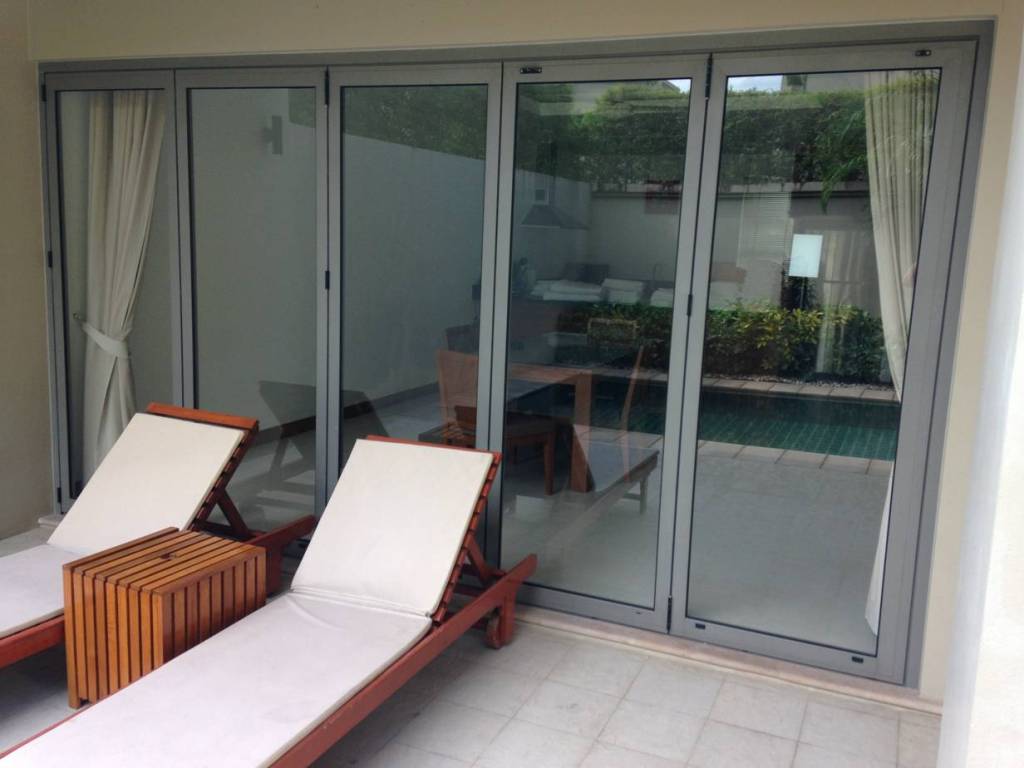 The full height glass doors of the living room and master bedroom open fully to provide a unique melding of the inside area of the villa with the sun terrace, tropical garden and swimming pool.
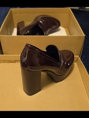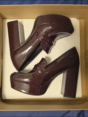 Patent loafer with a chunky platform and block heel. Slip-on style with glossy finish.
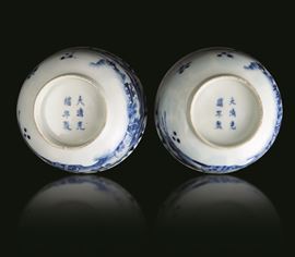 Coppia di ciotole in porcellana bianca e blu a soggetto paesaggistico, Cina, Dinastia Qing, marchio e del periodo Guangxu [..]
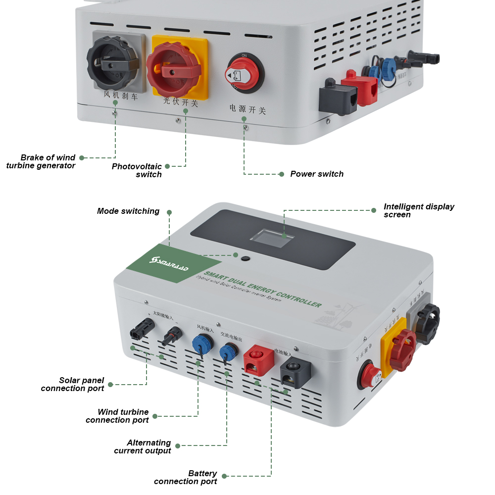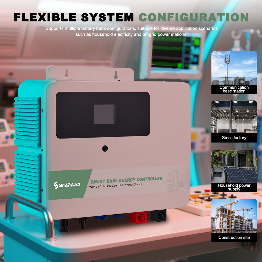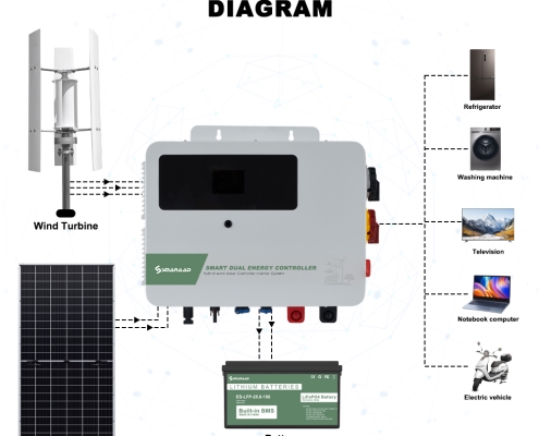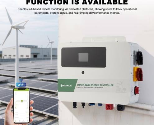 The DH Series All-In-One Wind-Solar Hybrid High-Frequency Inverter Controller is a fully integrated, customizable solution that combines wind power generation, photovoltaic (PV) power generation, and inverter systems into a single, compact unit. By leveraging intelligent control and high-frequency inverter technology, it achieves efficient energy conversion and management, enabling coordinated optimization of wind and solar energy. This significantly enhances the reliability and cost-effectiveness of renewable energy systems, making it ideal for residential off-grid power, remote power stations, and a wide range of off-grid applications.

:::

Action item —
Give back each line above verbatim, dropping every picture.

Answer to the problem —
 The full height glass doors of the living room and master bedroom open fully to provide a unique melding of the inside area of the villa with the sun terrace, tropical garden and swimming pool.
 Patent loafer with a chunky platform and block heel. Slip-on style with glossy finish.
 Coppia di ciotole in porcellana bianca e blu a soggetto paesaggistico, Cina, Dinastia Qing, marchio e del periodo Guangxu [..]
 The DH Series All-In-One Wind-Solar Hybrid High-Frequency Inverter Controller is a fully integrated, customizable solution that combines wind power generation, photovoltaic (PV) power generation, and inverter systems into a single, compact unit. By leveraging intelligent control and high-frequency inverter technology, it achieves efficient energy conversion and management, enabling coordinated optimization of wind and solar energy. This significantly enhances the reliability and cost-effectiveness of renewable energy systems, making it ideal for residential off-grid power, remote power stations, and a wide range of off-grid applications.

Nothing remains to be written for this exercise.